(INSTRUCTIONS FOR THE TASK) Will you write out, word for word, every line from the one with "Gambar 6. Kondisi Tanggul" to the final line of the data below, with the pictures left out?

(DATASET ENTRIES)
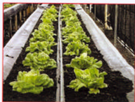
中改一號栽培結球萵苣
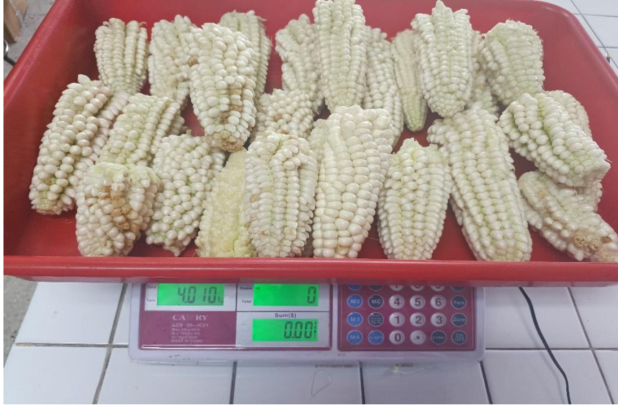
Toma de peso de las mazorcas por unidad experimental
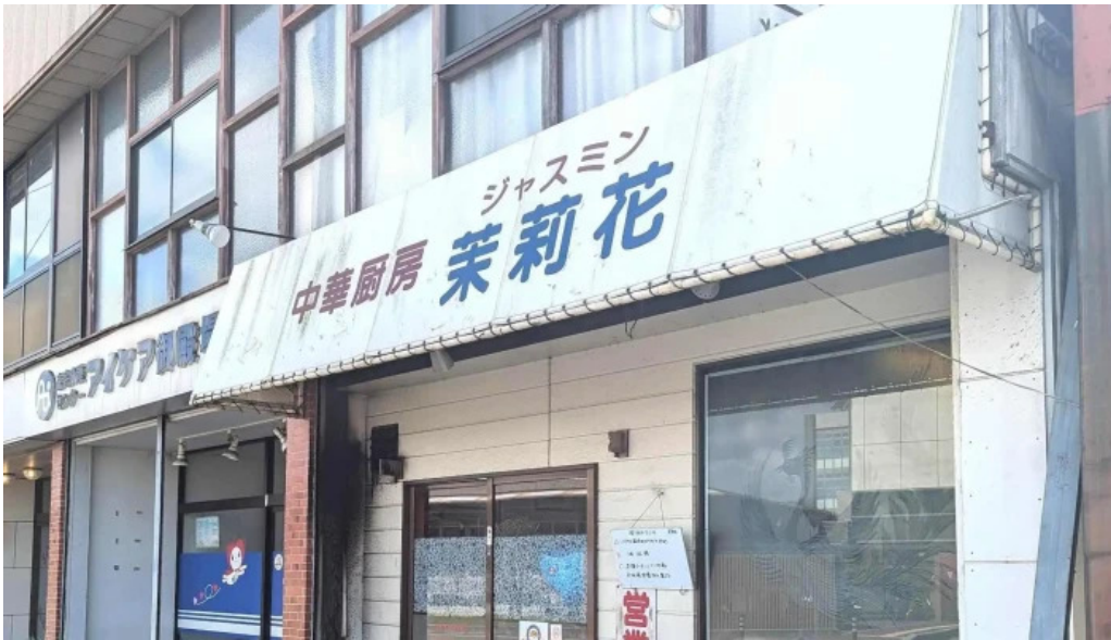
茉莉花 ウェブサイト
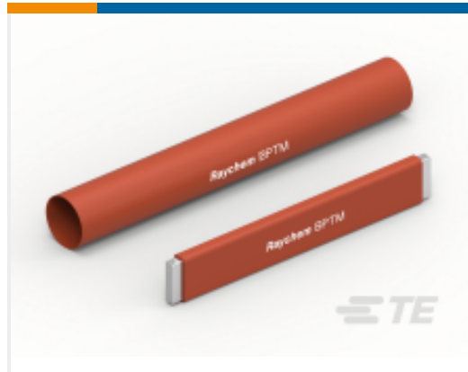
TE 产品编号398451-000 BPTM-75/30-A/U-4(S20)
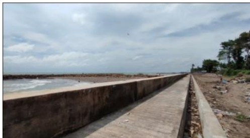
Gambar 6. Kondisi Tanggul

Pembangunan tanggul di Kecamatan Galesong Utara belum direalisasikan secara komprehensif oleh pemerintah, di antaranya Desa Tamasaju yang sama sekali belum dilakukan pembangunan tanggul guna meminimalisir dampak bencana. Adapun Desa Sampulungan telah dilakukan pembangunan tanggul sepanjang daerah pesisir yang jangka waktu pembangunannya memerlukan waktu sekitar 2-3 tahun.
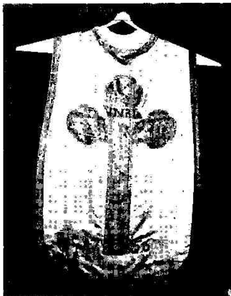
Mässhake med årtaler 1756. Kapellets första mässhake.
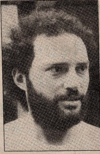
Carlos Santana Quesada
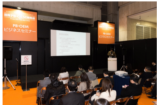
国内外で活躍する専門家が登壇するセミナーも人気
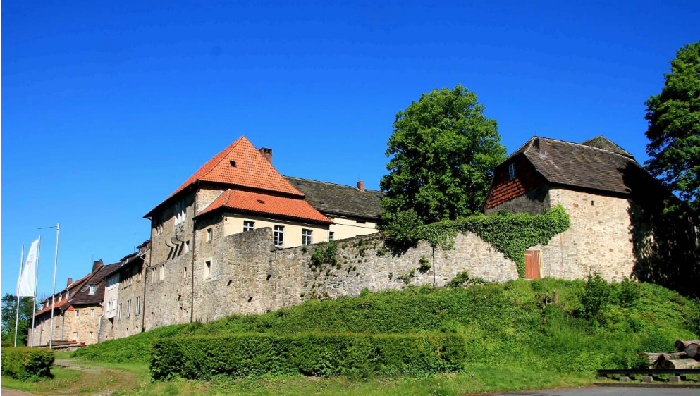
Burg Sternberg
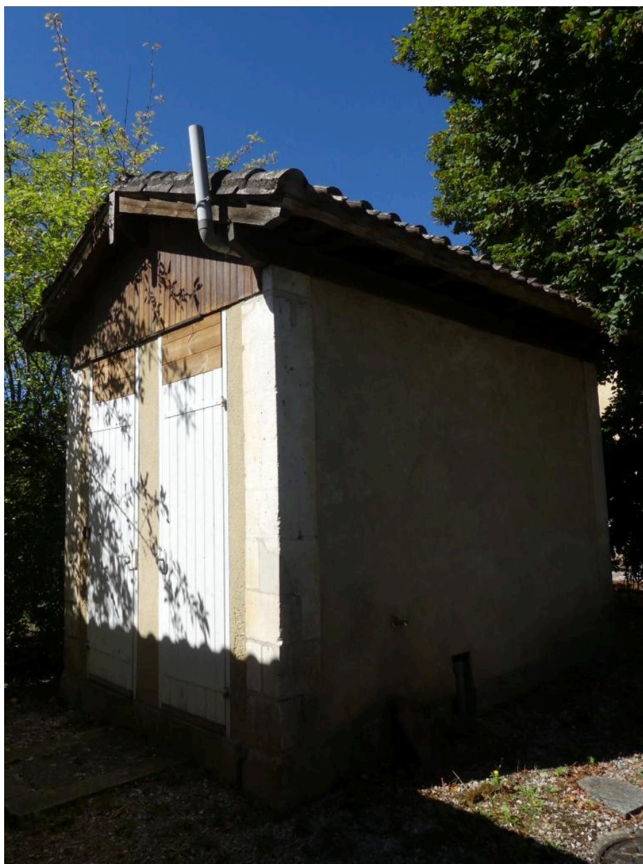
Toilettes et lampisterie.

(TASK SOLUTION)
Gambar 6. Kondisi Tanggul

Pembangunan tanggul di Kecamatan Galesong Utara belum direalisasikan secara komprehensif oleh pemerintah, di antaranya Desa Tamasaju yang sama sekali belum dilakukan pembangunan tanggul guna meminimalisir dampak bencana. Adapun Desa Sampulungan telah dilakukan pembangunan tanggul sepanjang daerah pesisir yang jangka waktu pembangunannya memerlukan waktu sekitar 2-3 tahun.
Mässhake med årtaler 1756. Kapellets första mässhake.
Carlos Santana Quesada
国内外で活躍する専門家が登壇するセミナーも人気
Burg Sternberg
Toilettes et lampisterie.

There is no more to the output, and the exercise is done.